Hesam Panahi has spent nearly all his academic life at the University of Houston. As both an undergrad and graduate management and information systems student, he attended classes in the same building that housed the school’s entrepreneurship program—and still never knew it existed.
“We’ve had this program since ’94 and I just found out about it two or three years ago,” says Panahi, who is now a clinical assistant professor at the university’s C.T. Bauer School of Business. It’s a startling piece of information to know about the guy whose idea it was to open the university’s first startup accelerator, Red Labs.
However surprising, it does speak to the silos prevalent in academia in general and, more specifically, to Houston’s reputation as a commuter school. “U of H has 40,000 students,” he says. “I didn’t talk to anyone outside my class until senior year.”
Certainly, the presence of Red Labs, which hosted its first class of student-entrepreneurs this past spring, is an indication that things are evolving. Its Cyvia and Melvyn Wolff Center for Entrepreneurship was ranked third among the nation’s undergraduate entrepreneurship programs by Princeton Review and Entrepreneur magazine last year.
Panahi says he realized there was an opportunity to leverage that recognition. “We have 3-Day Startup, which is great,” he says, of the program he founded where groups of students get mentoring and assistance to create tech startups in one weekend. “But what happens Monday morning? How do we kick-start that energy; how do you keep that momentum going?”
He added: “I would have students coming into my office, saying, ‘I have this idea. I don’t know what to do.’ ”
When Panahi started having that conversation 10 times in a week—and most often with students who were not entrepreneurship majors—he came up with Red Labs. He laughs, saying, “The whole accelerator trend is … trendy.”

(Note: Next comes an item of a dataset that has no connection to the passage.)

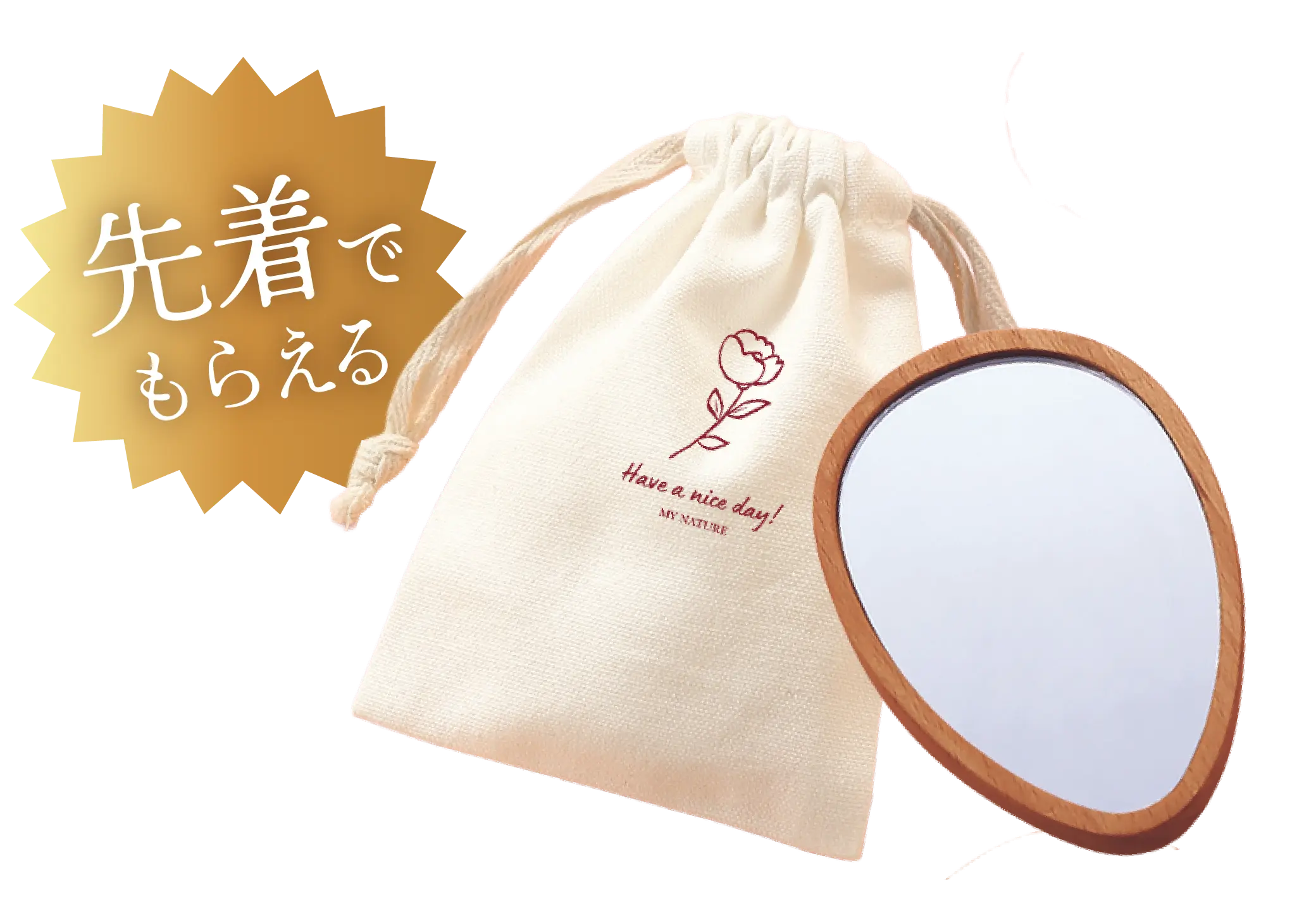 先着50名様限定ノベルティプレゼント(コンパクトミラー&ミニ巾着袋セット)木製の優しい素材感ところんとした形が可愛いコンパクトミラーと、やさしさや夢、希望を象徴するポピーと “have a nice day!” を添えた巾着袋です。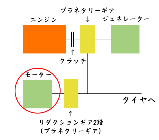 基本的にモーターにはトランスミッションが不要なんですが、これらのように電圧、大きさの制限のため回転数や出力に制限が出ています。そのため THS-II ではモーター用にトランスミッションの役割を果たすリダクションギアが備わっています。

But his boss, Latha Ramchand, the Bauer school dean, signed off and gave the fledgling accelerator funds and support. Last year, an underused MBA lounge became the accelerator’s physical home on campus and, by this past February, a dozen student-founders had joined the accelerator.
Among the six startups are Flinger.co, a Web service that enables users to control the TV remote from laptops, smartphones, or tablets, and VocaLesson, which aims to connect voice teachers with students for lessons over the Internet.
Panahi’s hunch that a wider group of students was hungry to be part of a startup seems to have panned out. Only three of the dozen students in Red Labs’ inaugural class are enrolled in entrepreneurship as a major.